コミュニケーションロボットが再び注目を集める─。そんな時がやって来るかもしれない。
言語で人と対話するタイプのコミュニケーションロボットは5~6年前、ロボットブームの到来と共に様々なものが一時発売されたが、当時の対話エンジンの技術的貧弱さもあり、対話内容は限定的。次第に下火となっていった。さらに、単純な音声コマンド的なユースケースはAIスピーカーに取って代わられ、コミュニケーションロボットは現在、あまり存在感を発揮できていない状況にある。
しかし、そうした中でも、自然言語処理のAI技術はここ1~2年の間に激変した。コミュニケーションロボットの核となる対話エンジンの基盤技術が、「革命的」と言ってよいほど圧倒的に向上したのだ。「Transformer」というタイプのモデルが登場し、自然言語処理の世界が一変したことは、本誌2021年4月号で解説した通りだ。
そして、対話エンジンの基となるディープラーニングベースの「言語モデル」では、モデルの規模が大きければ大きいほど質も同時に高まる、いわゆる「スケーリング則」が成り立つことが経験的に知られている1)。
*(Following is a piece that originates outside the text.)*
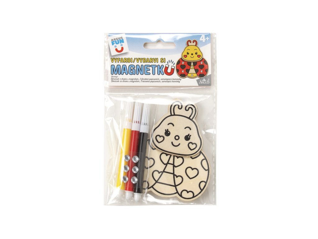 Drevenú magnetku si dieťatko vyfarbí podľa svojej fantázie, dolepí samolepiace kamienky a môže pripevniť na kovový povrch.

このため、2020年5月に米OpenAIが発表した「GPT-3」を皮切りに世界中で言語モデルの大規模化競争が勃発。GPT-3のモデル規模は1750億パラメータだったが、2020年6月には米グーグルが6000億パラメータの「GShard」を発表。2021年1月には1兆5710億パラメータの「Switch Transformer」を発表した。
大規模化競争が激化
さらに、2021年6月には、中国の北京智源人工智能研究院が1兆7500億パラメータの「Wu Dao」を発表。わずか1年ほどの間に、言語モデルの規模は10倍に巨大化した。半導体における「ムーアの法則」以上のスピードで、モデルの大規模化が進行しているのである。大規模な言語モデルを生成するには1回の学習だけで数億円以上の投資が必要といわれており、自然言語処理向けのAI技術は、もはや世界の巨大組織同士の投資競争の様相を呈している(図1)。
こうした巨大化競争は、これまで英語系や中国語系の言語モデルがメインだった。日本企業はGPT-3をユーザーとしてAPI利用する程度で、競争自体は蚊帳の外のような状況だった。
しかし、2021年11月、ついに日本語においても巨大な言語モデルが誕生した。IT企業のLINEが、元・親会社の韓国NAVER社と共同で390億パラメータの言語モデル「HyperCLOVA」を日本語ベースで開発したのだ。